To leverage its waning pre-eminent position, Thailand is trying to push outward to harness the growth of other Southeast Asian countries for its own benefit. The Asia Highway network — running from Bangkok, north across the Thai border at Mae Sot and to Tamu, Myanmar, where it crosses into India — launched a new spur in September. In mid-December, Cambodia and Thailand signed an agreement to complete another secondary track connecting the Thai and Cambodian rail systems by 2016.

The Dawei economic zone in Myanmar is another such initiative, but the project has hit major snags. The two countries first signed a memorandum of understanding in 2008, before Myanmar’s transition out of military rule, but the project foundered because of a lack of funding on Thailand’s part and regulatory capacity in Myanmar’s nascent government. In 2014, the two governments announced they planned to relaunch the project and requested Japan’s participation. In January, Japan agreed to participate, partly as a way of countering China while maintaining its involvement in Myanmar. The Dec. 14 signing formalizes this role, with more details to be discussed at a joint meeting in late February or early March.

Dawei is one of three Myanmar special economic zones, and was initially the most ambitious. But it has been outpaced by another Japan-backed project, the Thilawa special economic zone near Yangon, which boasts two pilot factories already producing garments and radiators. The other is at Kyaukpyu on the coast of Rakhine State. Both profit from infrastructure already in place. For this reason, Thailand and Myanmar have scaled back Dawei significantly. It was originally conceived as a 196-square-kilometer industrial park with a deep-sea port, oil and natural gas processing facilities, and an eight-lane superhighway — requiring a total of $10.7 billion in investment.
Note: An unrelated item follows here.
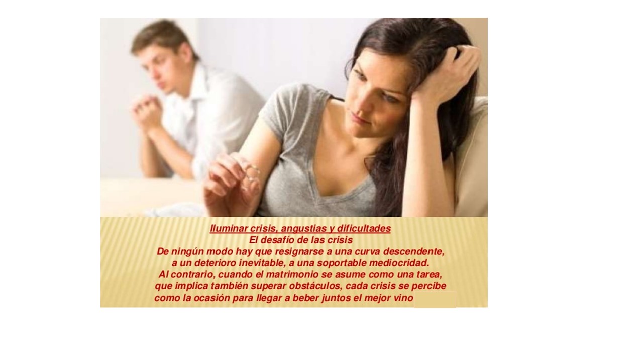 Esta oración va por esos matrimonios en donde no hay verdadero compromiso, en donde hay una falsa libertad que perjudica el alma y crea distancias.
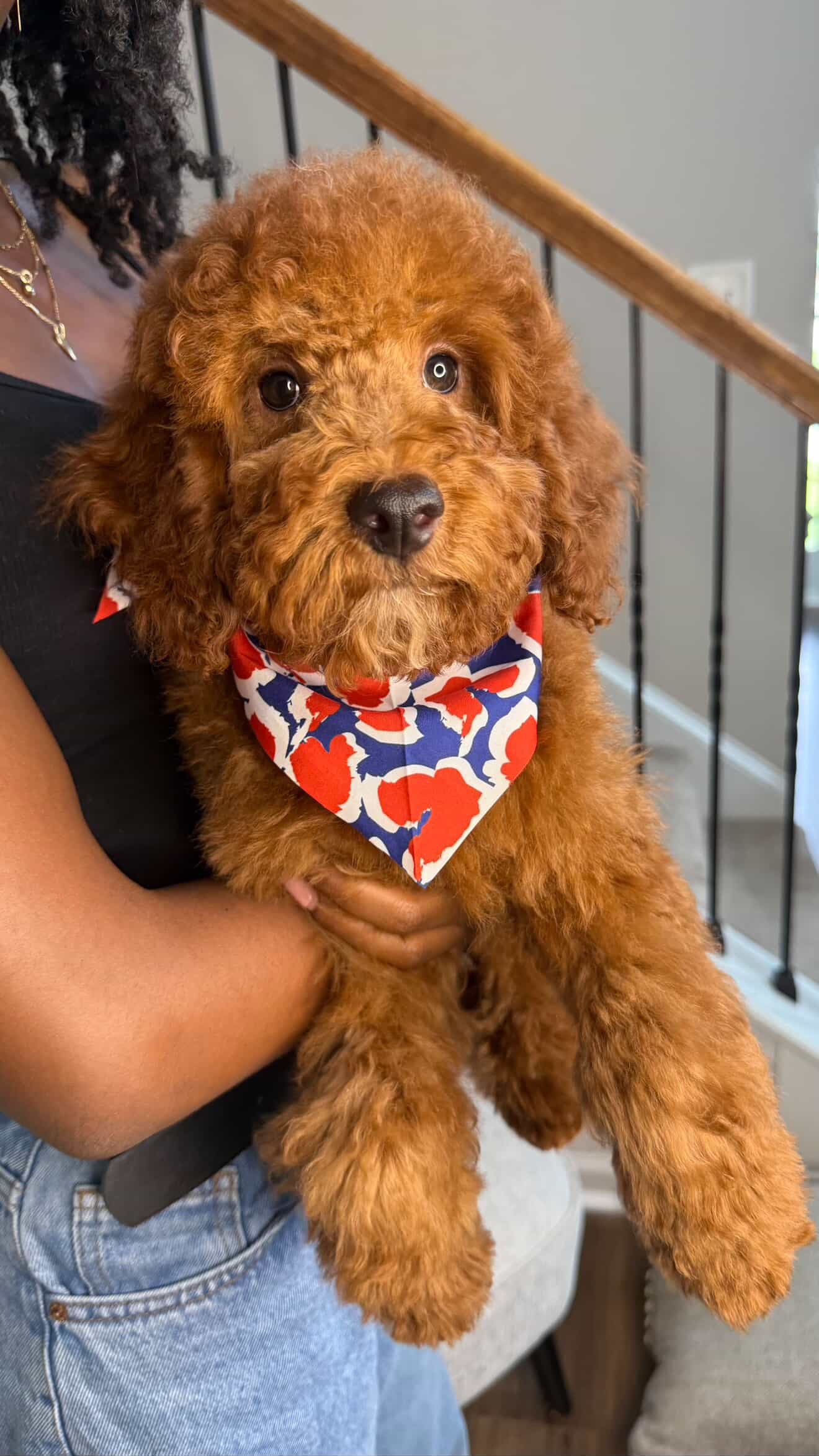 Say hello to Marlon – a lovable, playful F1B Goldendoodle with a gorgeous red coat and beautiful curls! Marlon is temperament tested, vaccinated and ready to add more love to your home.

This is all still technically on the table, but now the partners are focusing on a $1.7 billion initial phase consisting of a 27-kilometer zone, liquefied natural gas terminal, jetty and two-lane highway to Thailand. Construction will begin in earnest in 2016, and lots will be handed over to businesses between 2016 and 2023.

The current, small iteration of the project makes Dawei an equally small yet exemplary part of Bangkok’s larger campaign to connect with the region. The 2014 resumption of the project coincided with Thailand’s announcement of a plan to implement special economic zones in border provinces, again to branch outward and shore up investment to Thailand. The first tranche is already functioning: Tak province on the Myanmar border, Sa Kaeo and Trat provinces on the Cambodian border, Mukdahan province bordering Laos and Songkhla province bordering Malaysia. The second set will be inaugurated in 2016. This phase is particularly important because one of the zones will be in Kanchanaburi province where the road from Dawei is set to cross into Thailand, overcoming the infrastructure challenges of building out a major project in the Dawei region.